== TASK INPUT ==
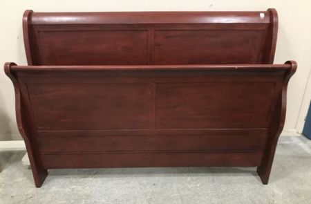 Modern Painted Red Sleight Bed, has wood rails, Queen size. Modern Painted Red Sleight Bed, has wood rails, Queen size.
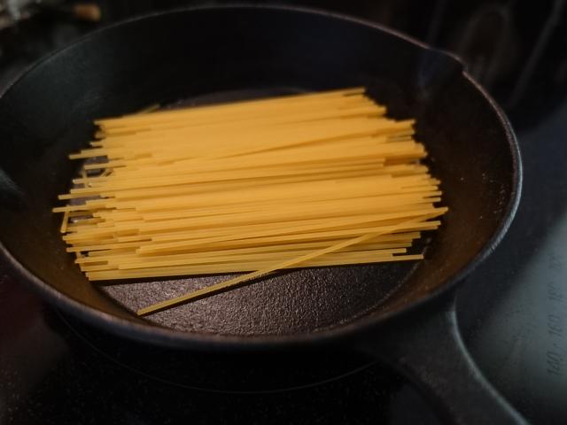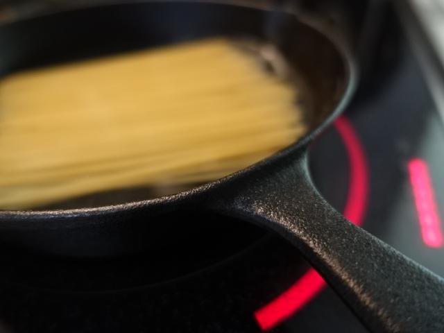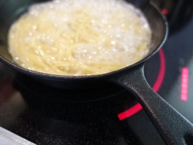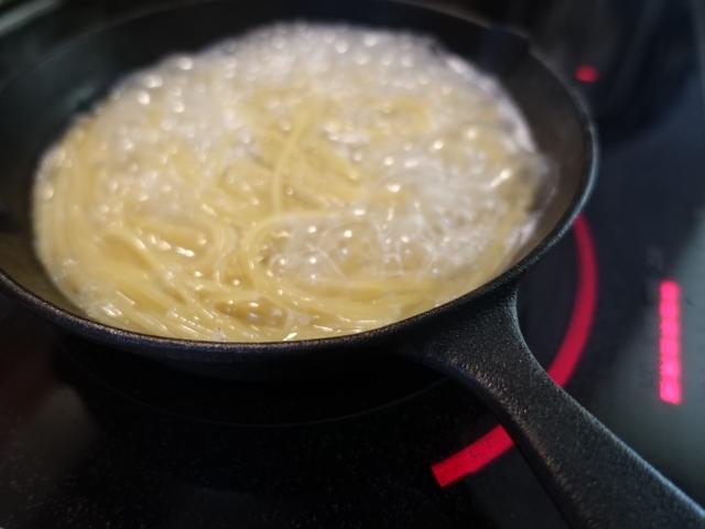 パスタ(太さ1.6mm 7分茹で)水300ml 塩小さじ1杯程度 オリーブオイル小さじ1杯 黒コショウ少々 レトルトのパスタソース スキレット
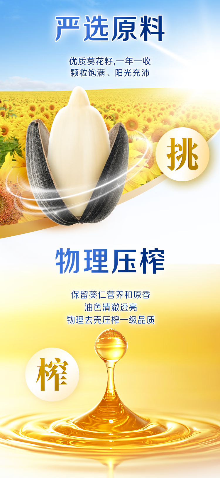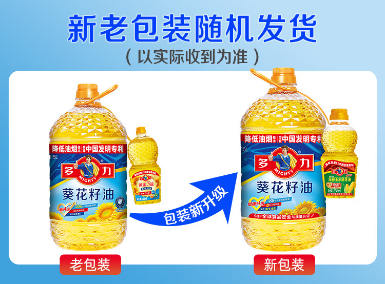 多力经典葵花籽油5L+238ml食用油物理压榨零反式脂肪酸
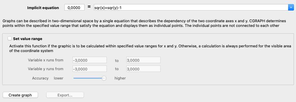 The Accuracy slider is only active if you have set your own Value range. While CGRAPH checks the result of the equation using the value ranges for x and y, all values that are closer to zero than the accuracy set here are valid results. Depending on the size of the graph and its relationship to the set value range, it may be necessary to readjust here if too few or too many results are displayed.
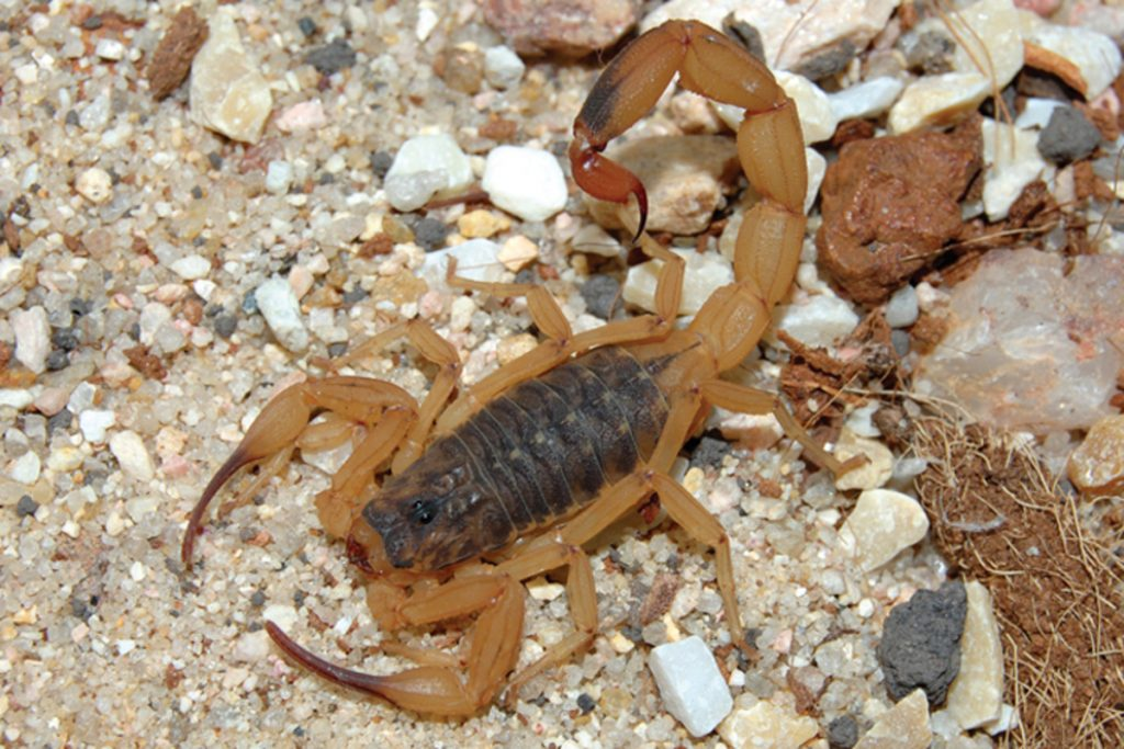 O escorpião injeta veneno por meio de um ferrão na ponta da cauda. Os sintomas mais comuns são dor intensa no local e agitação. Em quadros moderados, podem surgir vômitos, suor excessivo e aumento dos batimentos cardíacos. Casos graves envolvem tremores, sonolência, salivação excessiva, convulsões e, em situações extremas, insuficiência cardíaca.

==

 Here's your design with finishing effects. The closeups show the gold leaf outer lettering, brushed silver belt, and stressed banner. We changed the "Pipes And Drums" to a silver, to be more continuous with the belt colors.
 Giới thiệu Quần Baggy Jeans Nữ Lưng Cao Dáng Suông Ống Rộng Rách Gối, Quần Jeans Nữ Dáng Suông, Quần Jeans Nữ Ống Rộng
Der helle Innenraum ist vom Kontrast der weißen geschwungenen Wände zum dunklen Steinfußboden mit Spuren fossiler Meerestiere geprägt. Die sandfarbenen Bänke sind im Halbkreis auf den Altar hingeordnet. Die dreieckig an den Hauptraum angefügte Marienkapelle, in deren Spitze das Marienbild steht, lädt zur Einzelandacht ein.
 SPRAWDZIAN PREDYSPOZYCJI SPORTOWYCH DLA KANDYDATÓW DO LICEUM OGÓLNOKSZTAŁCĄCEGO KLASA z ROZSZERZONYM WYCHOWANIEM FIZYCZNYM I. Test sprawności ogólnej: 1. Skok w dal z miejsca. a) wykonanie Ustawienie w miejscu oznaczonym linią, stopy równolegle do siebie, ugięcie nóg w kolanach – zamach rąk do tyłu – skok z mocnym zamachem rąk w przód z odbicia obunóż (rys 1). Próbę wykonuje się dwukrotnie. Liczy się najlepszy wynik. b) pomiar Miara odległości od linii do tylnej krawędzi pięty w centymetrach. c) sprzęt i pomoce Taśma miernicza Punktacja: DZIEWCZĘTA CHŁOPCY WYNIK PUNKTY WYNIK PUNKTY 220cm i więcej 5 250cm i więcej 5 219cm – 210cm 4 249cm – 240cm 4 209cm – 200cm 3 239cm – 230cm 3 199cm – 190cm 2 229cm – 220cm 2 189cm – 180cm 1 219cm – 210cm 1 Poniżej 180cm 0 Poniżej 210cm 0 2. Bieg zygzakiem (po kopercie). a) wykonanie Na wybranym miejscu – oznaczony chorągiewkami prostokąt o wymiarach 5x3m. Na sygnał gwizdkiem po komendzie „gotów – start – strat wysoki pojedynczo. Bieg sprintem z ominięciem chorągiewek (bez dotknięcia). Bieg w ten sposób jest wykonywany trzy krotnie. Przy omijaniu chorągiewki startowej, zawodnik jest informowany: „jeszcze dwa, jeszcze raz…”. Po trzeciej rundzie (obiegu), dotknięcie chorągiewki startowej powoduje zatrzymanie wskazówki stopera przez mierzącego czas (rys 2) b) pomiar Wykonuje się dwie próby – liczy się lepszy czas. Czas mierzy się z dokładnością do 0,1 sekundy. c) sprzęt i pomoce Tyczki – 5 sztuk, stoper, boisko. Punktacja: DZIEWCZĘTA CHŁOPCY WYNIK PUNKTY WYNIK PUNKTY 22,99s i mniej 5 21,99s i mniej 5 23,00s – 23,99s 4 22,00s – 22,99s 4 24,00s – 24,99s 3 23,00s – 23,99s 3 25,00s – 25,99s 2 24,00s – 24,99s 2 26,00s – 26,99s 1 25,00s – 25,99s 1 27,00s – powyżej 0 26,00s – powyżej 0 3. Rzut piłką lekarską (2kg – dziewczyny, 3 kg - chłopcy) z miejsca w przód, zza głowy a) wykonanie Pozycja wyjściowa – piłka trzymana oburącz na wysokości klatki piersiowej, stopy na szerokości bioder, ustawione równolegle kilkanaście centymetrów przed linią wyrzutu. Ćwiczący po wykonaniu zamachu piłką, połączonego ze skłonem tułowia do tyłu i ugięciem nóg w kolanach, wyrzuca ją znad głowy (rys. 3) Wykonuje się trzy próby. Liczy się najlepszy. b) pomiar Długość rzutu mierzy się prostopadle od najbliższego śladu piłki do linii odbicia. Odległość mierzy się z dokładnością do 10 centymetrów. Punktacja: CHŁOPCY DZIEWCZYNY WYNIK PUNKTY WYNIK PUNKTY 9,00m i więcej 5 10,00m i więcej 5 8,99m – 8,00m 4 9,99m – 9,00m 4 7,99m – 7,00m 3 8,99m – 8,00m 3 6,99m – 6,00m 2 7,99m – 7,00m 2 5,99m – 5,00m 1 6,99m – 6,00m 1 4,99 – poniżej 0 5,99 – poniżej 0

* * *

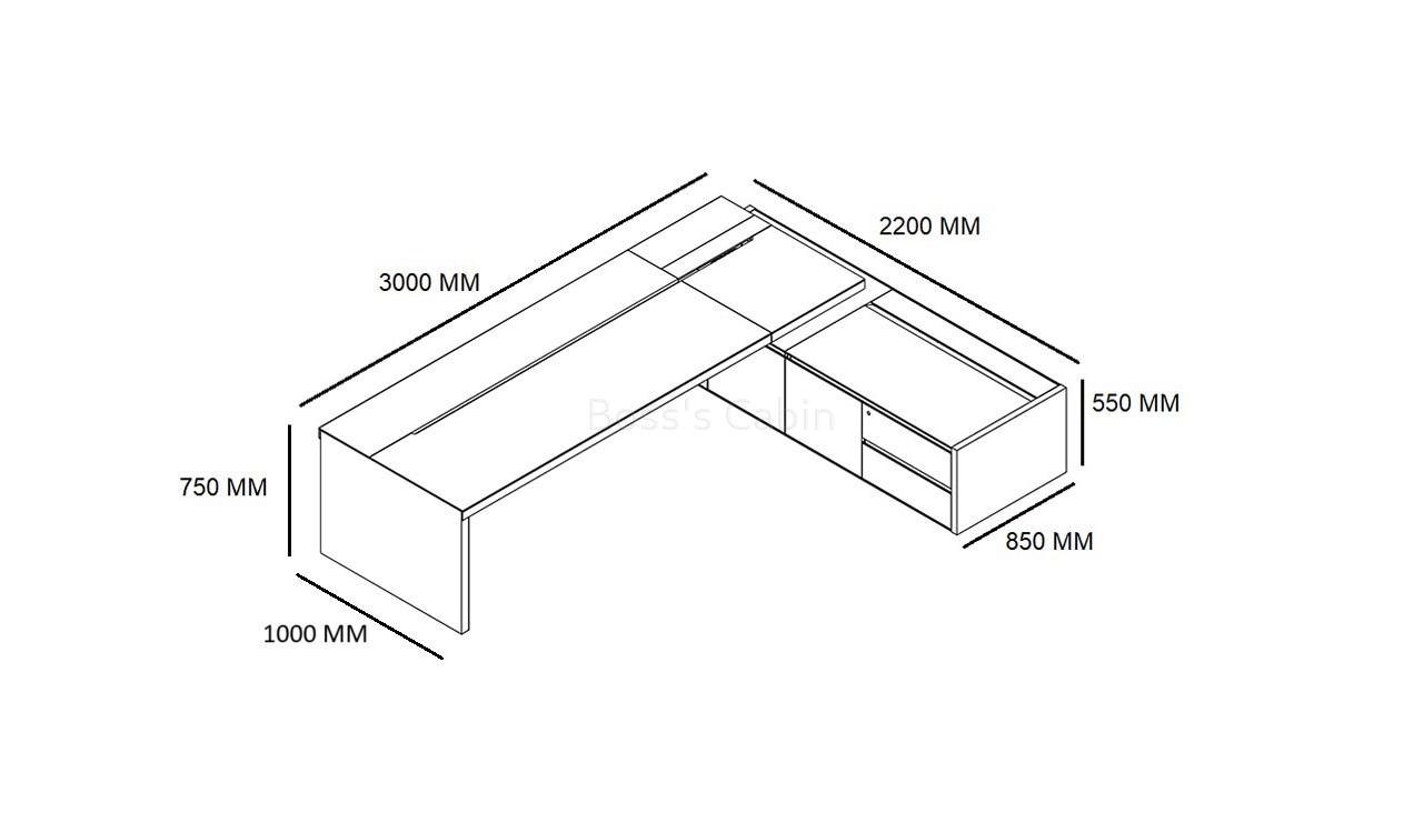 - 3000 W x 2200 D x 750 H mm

== EXERCISE ==
Retype only the lines above from the one with "多力经典葵花籽油5L+238ml食用油物理压榨零反式脂肪酸" through the one with "O escorpião injeta", exactly and with both ends. Images stay out.

== SOLUTION FOR THIS PROBLEM ==
 多力经典葵花籽油5L+238ml食用油物理压榨零反式脂肪酸
 The Accuracy slider is only active if you have set your own Value range. While CGRAPH checks the result of the equation using the value ranges for x and y, all values that are closer to zero than the accuracy set here are valid results. Depending on the size of the graph and its relationship to the set value range, it may be necessary to readjust here if too few or too many results are displayed.
 O escorpião injeta veneno por meio de um ferrão na ponta da cauda. Os sintomas mais comuns são dor intensa no local e agitação. Em quadros moderados, podem surgir vômitos, suor excessivo e aumento dos batimentos cardíacos. Casos graves envolvem tremores, sonolência, salivação excessiva, convulsões e, em situações extremas, insuficiência cardíaca.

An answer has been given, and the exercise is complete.